O especialista: O elogio da loucura

ms02300806.jpgMais uma vez, em recente abordagem da mídia, somos obrigados a ouvir a defesa da desassistência psiquiátrica. Os argumentos estão velhos, encanecidos, mas insistentes. Quase sempre os motes são os seguintes: a loucura nada mais é do que uma forma diversa de sentir a realidade. Não é uma doença, mas, muitas vezes, uma forma de se libertar da opressão da sociedade. É produzida pela família para se livrar de seus membros inconvenientes. A loucura não deve se enquadrar no modelo médico de diagnóstico, prognóstico e tratamento.

É claro que todos estes argumentos são apresentados com cenas, ao fundo, degradantes, similares a campos de concentração ou então com os loucos e seus terapeutas com violões e percussão fazendo um som legal. É pena que isso não seja verdade e que o real esteja bem distante da mentira antimanicomial.

A loucura é a maior das tragédias de que um ser humano pode ser vítima. O delírio é um sofrimento permanente. Alguém persegue o psicótico e ele não sabe quem é, nem o motivo, e muito menos porque ele é o alvo da perseguição. Sons distorcidos e sem sentido, repentinamente transformam-se em gritos, pancadas, assobios e então se consubstanciam em vozes. Vozes que o chamam, a seguir o ofendem com palavrões e por fim dão ordens.
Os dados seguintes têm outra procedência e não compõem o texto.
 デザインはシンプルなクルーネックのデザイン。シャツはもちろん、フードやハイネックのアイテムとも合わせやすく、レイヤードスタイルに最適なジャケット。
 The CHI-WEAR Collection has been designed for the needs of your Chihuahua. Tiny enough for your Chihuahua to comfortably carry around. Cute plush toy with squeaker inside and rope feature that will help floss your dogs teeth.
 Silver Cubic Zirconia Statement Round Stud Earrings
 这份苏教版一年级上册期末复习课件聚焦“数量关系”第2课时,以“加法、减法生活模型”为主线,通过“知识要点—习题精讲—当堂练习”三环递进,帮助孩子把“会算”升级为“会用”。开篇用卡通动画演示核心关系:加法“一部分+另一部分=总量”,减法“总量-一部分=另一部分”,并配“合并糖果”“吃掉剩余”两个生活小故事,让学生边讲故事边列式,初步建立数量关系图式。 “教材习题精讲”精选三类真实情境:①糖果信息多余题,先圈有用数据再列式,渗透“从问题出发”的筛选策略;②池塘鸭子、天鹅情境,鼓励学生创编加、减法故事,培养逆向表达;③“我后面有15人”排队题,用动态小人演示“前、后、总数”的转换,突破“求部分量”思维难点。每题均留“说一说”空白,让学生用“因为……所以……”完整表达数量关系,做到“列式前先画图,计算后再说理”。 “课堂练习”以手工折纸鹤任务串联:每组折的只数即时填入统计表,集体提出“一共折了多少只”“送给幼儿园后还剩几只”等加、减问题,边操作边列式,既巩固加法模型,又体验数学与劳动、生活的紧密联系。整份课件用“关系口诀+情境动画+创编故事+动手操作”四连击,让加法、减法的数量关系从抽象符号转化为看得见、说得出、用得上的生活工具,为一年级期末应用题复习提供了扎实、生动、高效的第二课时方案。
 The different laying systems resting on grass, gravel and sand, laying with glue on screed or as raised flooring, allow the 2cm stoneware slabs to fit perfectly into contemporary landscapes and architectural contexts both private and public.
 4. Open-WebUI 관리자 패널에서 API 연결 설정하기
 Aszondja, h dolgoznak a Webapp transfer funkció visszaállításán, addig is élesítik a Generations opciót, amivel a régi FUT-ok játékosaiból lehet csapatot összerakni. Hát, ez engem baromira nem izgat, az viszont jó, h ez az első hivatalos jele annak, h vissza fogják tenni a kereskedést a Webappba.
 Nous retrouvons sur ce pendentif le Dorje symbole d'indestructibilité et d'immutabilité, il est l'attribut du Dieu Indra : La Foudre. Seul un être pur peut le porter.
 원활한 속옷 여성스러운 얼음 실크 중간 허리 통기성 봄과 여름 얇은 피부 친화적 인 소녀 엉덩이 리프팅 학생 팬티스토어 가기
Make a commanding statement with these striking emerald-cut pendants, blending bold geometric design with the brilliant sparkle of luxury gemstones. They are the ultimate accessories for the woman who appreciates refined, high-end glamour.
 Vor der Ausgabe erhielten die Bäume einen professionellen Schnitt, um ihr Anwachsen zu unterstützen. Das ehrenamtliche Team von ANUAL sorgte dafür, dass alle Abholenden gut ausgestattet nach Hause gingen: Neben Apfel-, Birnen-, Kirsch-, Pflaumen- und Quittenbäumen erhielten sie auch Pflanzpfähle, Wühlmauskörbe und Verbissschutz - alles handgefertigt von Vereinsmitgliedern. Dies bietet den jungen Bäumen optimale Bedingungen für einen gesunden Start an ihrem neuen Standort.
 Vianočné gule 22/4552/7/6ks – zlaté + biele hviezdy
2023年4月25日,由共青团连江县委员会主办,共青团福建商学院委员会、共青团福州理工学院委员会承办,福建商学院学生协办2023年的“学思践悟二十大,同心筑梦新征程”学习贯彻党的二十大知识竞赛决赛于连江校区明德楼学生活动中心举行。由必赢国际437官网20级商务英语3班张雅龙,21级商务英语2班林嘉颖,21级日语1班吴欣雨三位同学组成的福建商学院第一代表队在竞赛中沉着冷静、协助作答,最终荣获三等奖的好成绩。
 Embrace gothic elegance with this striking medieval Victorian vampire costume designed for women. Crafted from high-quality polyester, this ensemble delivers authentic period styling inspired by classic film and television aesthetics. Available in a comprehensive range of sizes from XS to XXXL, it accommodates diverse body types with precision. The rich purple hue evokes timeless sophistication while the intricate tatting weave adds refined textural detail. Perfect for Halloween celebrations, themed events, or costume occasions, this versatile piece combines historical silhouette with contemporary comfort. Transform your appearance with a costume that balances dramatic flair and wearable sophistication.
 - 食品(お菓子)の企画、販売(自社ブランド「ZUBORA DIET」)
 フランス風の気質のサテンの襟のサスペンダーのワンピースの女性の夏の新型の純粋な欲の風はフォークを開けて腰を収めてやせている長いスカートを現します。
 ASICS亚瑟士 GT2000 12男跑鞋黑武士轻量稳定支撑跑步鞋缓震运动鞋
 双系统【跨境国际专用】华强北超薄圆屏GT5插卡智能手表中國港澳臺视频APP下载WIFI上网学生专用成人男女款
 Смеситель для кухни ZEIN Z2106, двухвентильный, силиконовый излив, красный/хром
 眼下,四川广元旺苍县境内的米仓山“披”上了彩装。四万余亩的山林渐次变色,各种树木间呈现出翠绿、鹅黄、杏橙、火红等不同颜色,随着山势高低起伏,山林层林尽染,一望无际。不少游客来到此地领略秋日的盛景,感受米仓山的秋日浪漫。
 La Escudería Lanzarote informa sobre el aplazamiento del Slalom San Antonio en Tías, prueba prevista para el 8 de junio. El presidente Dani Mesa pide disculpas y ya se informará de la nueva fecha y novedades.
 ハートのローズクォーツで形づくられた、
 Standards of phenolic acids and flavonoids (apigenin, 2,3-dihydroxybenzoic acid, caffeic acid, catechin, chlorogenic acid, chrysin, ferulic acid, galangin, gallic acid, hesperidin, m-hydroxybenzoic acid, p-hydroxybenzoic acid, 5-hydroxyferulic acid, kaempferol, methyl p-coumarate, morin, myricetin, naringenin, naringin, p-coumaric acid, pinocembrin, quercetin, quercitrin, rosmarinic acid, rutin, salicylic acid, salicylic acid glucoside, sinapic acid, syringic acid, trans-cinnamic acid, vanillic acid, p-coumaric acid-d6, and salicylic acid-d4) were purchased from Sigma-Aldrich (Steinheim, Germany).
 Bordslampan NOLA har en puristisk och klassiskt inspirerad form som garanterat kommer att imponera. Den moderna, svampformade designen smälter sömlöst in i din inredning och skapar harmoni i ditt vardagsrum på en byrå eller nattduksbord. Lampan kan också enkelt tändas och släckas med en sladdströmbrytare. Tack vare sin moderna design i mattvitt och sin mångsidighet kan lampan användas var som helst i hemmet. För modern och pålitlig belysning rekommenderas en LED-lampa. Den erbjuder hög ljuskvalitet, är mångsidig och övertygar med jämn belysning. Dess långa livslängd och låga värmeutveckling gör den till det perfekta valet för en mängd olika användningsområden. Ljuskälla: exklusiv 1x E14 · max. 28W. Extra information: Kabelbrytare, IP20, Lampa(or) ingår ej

A família perplexa, que depositava naquele rapaz ou moça as esperanças de um crescimento sadio, com o futuro pela frente, tudo a se realizar e ser conquistado, percebe que nada disso vai acontecer. O futuro foi barrado pela loucura. Não mais estudos, não mais trabalho, não mais profissão, não mais esperanças. As perspectivas do mundo melhor se acabam com a instalação do processo psicótico.

Acabou-se a vida do psicótico? Não, é claro que não, mas se acaba a qualidade de vida, a possibilidade de usufruir do mundo todas as suas nuances, a capacidade de expandir ao máximo suas potencialidades como indivíduo e como ser pensante e criativo. Não raro se acaba, também, a capacidade civil, de testar, de gerir. O que se encerrou, infelizmente foi a capacidade de se autodeterminar, de ser livre, de expressar de modo completo e cabal a sua vontade e de guiar os seus fatos conforme os seus desejos.

A loucura é uma tragédia. Aqueles que a elogiam e engrandecem ou são ingênuos, ou são insensíveis ou estúpidos, ou então dela querem se aproveitar de algum modo, caso do chamado movimento antomanicomial. Não sabem do que falam. E, se a arte dependesse da loucura para existir, morte à arte. Viva a sanidade mental!

Paulo Cesar Geraldes, médico psiquiatra, doutor em Saúde Mental e presidente do Conselho Regional de Medicina do Estado do Rio de Janeiro.